-- Opening Marker --

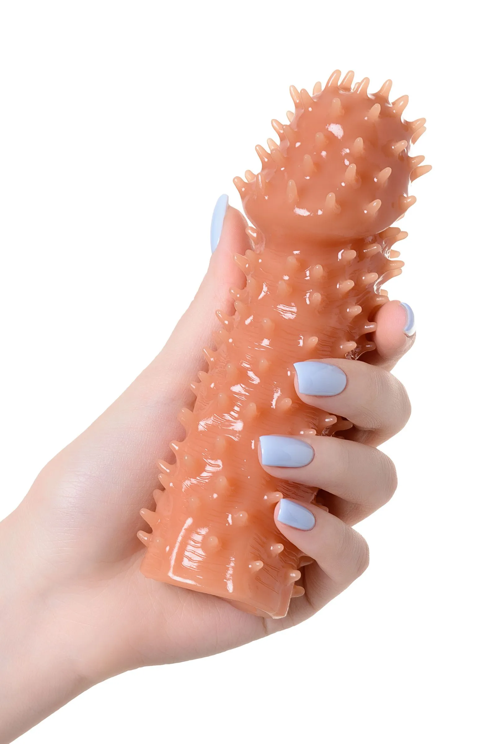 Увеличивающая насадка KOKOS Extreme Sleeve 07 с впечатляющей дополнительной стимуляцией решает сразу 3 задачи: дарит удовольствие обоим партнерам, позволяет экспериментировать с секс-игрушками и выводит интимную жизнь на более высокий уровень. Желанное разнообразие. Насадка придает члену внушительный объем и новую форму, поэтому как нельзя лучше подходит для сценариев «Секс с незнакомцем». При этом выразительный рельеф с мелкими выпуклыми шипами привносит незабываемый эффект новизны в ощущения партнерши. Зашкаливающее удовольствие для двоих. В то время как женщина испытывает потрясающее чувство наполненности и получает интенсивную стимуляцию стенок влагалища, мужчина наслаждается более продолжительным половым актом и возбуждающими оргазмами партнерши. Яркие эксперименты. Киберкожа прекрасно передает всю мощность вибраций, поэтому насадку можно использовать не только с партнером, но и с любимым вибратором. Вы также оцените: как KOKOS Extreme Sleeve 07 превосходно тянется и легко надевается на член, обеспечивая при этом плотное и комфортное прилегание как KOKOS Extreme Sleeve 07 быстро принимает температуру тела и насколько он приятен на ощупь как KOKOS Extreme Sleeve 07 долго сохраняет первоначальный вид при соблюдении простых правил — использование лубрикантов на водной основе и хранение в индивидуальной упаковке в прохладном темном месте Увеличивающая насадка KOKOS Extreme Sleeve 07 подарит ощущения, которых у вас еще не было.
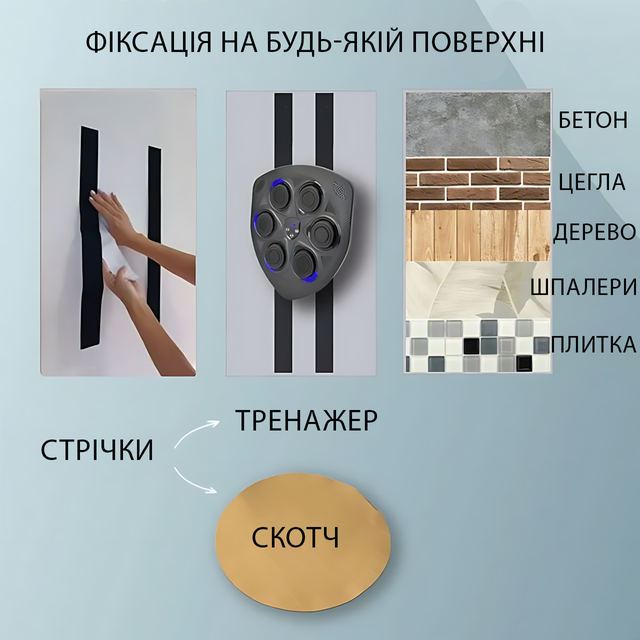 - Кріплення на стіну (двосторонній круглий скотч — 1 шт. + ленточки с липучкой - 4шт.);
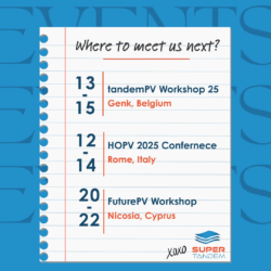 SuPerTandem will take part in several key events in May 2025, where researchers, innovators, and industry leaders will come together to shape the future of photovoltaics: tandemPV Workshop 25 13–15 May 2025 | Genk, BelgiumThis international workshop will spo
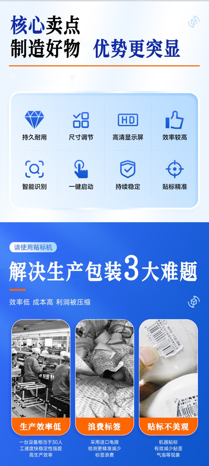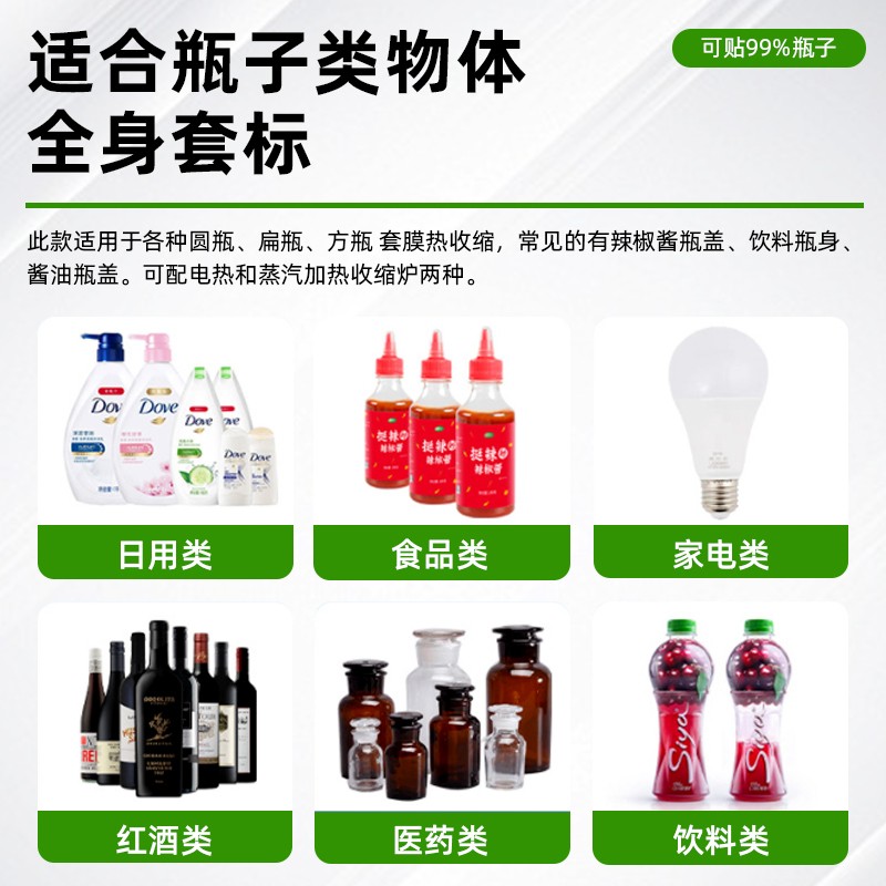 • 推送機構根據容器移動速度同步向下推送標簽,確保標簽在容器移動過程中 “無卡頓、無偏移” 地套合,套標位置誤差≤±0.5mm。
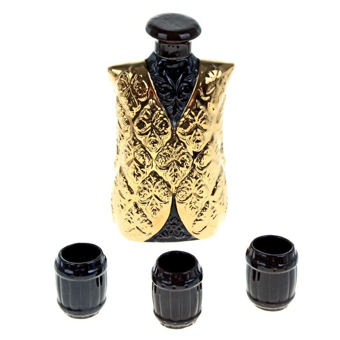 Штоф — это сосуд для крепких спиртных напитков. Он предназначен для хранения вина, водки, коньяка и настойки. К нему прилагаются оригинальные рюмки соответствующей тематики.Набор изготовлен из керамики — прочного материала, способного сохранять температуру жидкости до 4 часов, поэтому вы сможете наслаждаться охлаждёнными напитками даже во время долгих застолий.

-- Closing Marker --

■ **TASK STATEMENT**
Write the listing out again in full and unchanged, minus any pictures.

■ **REPLY**
 Увеличивающая насадка KOKOS Extreme Sleeve 07 с впечатляющей дополнительной стимуляцией решает сразу 3 задачи: дарит удовольствие обоим партнерам, позволяет экспериментировать с секс-игрушками и выводит интимную жизнь на более высокий уровень. Желанное разнообразие. Насадка придает члену внушительный объем и новую форму, поэтому как нельзя лучше подходит для сценариев «Секс с незнакомцем». При этом выразительный рельеф с мелкими выпуклыми шипами привносит незабываемый эффект новизны в ощущения партнерши. Зашкаливающее удовольствие для двоих. В то время как женщина испытывает потрясающее чувство наполненности и получает интенсивную стимуляцию стенок влагалища, мужчина наслаждается более продолжительным половым актом и возбуждающими оргазмами партнерши. Яркие эксперименты. Киберкожа прекрасно передает всю мощность вибраций, поэтому насадку можно использовать не только с партнером, но и с любимым вибратором. Вы также оцените: как KOKOS Extreme Sleeve 07 превосходно тянется и легко надевается на член, обеспечивая при этом плотное и комфортное прилегание как KOKOS Extreme Sleeve 07 быстро принимает температуру тела и насколько он приятен на ощупь как KOKOS Extreme Sleeve 07 долго сохраняет первоначальный вид при соблюдении простых правил — использование лубрикантов на водной основе и хранение в индивидуальной упаковке в прохладном темном месте Увеличивающая насадка KOKOS Extreme Sleeve 07 подарит ощущения, которых у вас еще не было.
 - Кріплення на стіну (двосторонній круглий скотч — 1 шт. + ленточки с липучкой - 4шт.);
 SuPerTandem will take part in several key events in May 2025, where researchers, innovators, and industry leaders will come together to shape the future of photovoltaics: tandemPV Workshop 25 13–15 May 2025 | Genk, BelgiumThis international workshop will spo
 • 推送機構根據容器移動速度同步向下推送標簽,確保標簽在容器移動過程中 “無卡頓、無偏移” 地套合,套標位置誤差≤±0.5mm。
 Штоф — это сосуд для крепких спиртных напитков. Он предназначен для хранения вина, водки, коньяка и настойки. К нему прилагаются оригинальные рюмки соответствующей тематики.Набор изготовлен из керамики — прочного материала, способного сохранять температуру жидкости до 4 часов, поэтому вы сможете наслаждаться охлаждёнными напитками даже во время долгих застолий.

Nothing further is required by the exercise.